Anyway, this should all be in a nice, detailed comment somewhere in
> MSCXXABI.cpp.
>
Done.
-bool CodeGenModule::MayDeferGeneration(const ValueDecl *Global) {
> +bool CodeGenModule::MayDeferGeneration(GlobalDecl GD) {
>
> Instead of doing this, you should just make non-deferred generation only
> emit
> the variants that it actually guarantees, which seems to be just the base
> variant.
>
OK.
> + // XXX: In the Microsoft ABI, we want to emit a delegating complete dtor
> + // without a definition, which means we won't be able to tell if the
> + // definition is a try body.
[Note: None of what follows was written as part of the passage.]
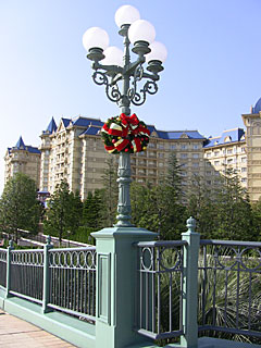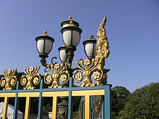 東京ディズニーランドの照明とフェンスの塗装はこんな感じ。塗装の色はこっちの方が落ち着いている、と妻。

In this case, MSVC simply delegates, so
> we do
> + // the same.
>
> What is this XXX about? Is this a FIXME? It looks like we're actually
> doing it.
>
I should remove that. I'm still confused about why destructors defined as
try bodies need to be a special case, but the current behavior should be
compatible with cl.exe.
> + // If the class has no virtual bases, then the complete and base
> destructors
> + // are equivalent, for all C++ ABIs supported by clang. We can save on
> code
> + // size by calling the base dtor directly, especially if we'd have to
> emit a
> + // thunk otherwise.
> + // FIXME: We could do this for Itanium, but we should consult with John
> first.
>
> Okay, you can't put this in a comment. :)
>
> I'm fine with unconditionally emitting calls to base dtors in this case.
>
It should even be a win on Darwin, since -mconstructor-aliases is disabled
there. I'll make that a separate change in case it breaks something.
+ if (getCXXABI().useThunkForDtorVariant(dtorType) &&
> + dtorType == Dtor_Complete && dtor->getParent()->getNumVBases() == 0)
>
> Checking dtorType and getNumVBases() are basically free because they
> don't require a real function call. You should do those first. Or
> actually, I
> guess you don't need the check.
>
Reordered. I'm leaving it for now, but planning to remove it.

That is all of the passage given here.